Bruce Clarke est un artiste engagé. Pour le Rwanda, il a proposé de créer un monument sur le génocide intitulé " Le jardin de la mémoire " " Ubusitani bw’urwibutso ". Le projet, qu’il veut concrétiser pour l’an 2000, est en bonne voie et serait bâti non loin de Kigali. En attendant d’en savoir plus sur cette future œuvre, il nous en explique les principes.
" Après le génocide, aucune science n’est à la hauteur pour reconstruire entièrement la rupture psychique et matérielle d’un peuple. Et l’art, diront certains, encore moins. Mais, le refus d’aborder les évènements, y compris les artistes, contribue à leur banalisation, leur oubli, voire à la négation de leur réalité. Le défi est donc posé : comment tenir compte dans une " oeuvre d’art " du poids de l’événement et au même temps créer un mémorial accessible et pudique dans sa représentation.
Le Jardin de la mémoire est une " sculpture " qui tentera de tenir compte du nombre (environ 1 million), de l’espace ou volume que représente ce nombre, de l’importance de la participation de la communauté dans la réalisation ; de la difficulté de la " représentation " d’un tel événement, ainsi que de la difficulté et de l’ambiguïté de sa non-représentation.
Il s’agit d’un jardin composé d’un million de pierres portant chacune le nom ou un signe distinctif d’un disparu, posées sur un site aménagé d’un kilomètre carré, environ.
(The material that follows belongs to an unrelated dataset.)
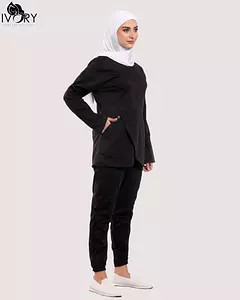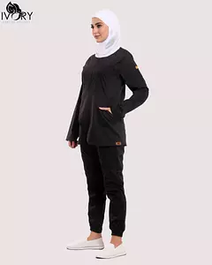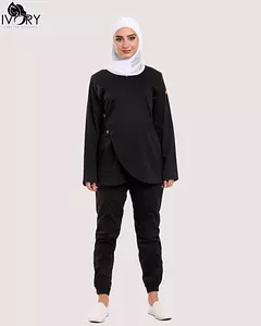 المزايا: سكراب علوي من قماش الليكرا على شكل زهرة التيوليب , جيوب امامية , سحاب على الصدر غير مرئي ,  مريح جدًا للأطباء الذين يعملون بجهد , تصميم سروال فاخر يتميز بجيبين أماميين , اساور مطاطية في القدم بشكل جمالي

La construction du mémorial sera en elle-même un processus de remémoration et de recueillement, de catharsis. Elle se déroulera sur plusieurs jours autour du 7 avril (...) La cérémonie de commémoration consistera en la pose des pierres. Elle sera simple et sobre. La pierre, anonyme par sa matière et sa quantité, sera individualisée en l’associant à une " marque " distinctive rappelant un défunt (...) Par sa nature, le Jardin sera la plus grande création collective des temps modernes. Il sera aussi le plus grand défi de la mémoire à l’oubli. Le jardin sera par la suite, un lieu de recueillement, où les gens pourront venir se recueillir, se promener, réfléchir.(...) La présence du Jardin comme mémorial marquera le refus d’un enfouissement du génocide dans l’inconscient. Il sera la preuve " vivante " des évènements de 1994." Bruce Clarke.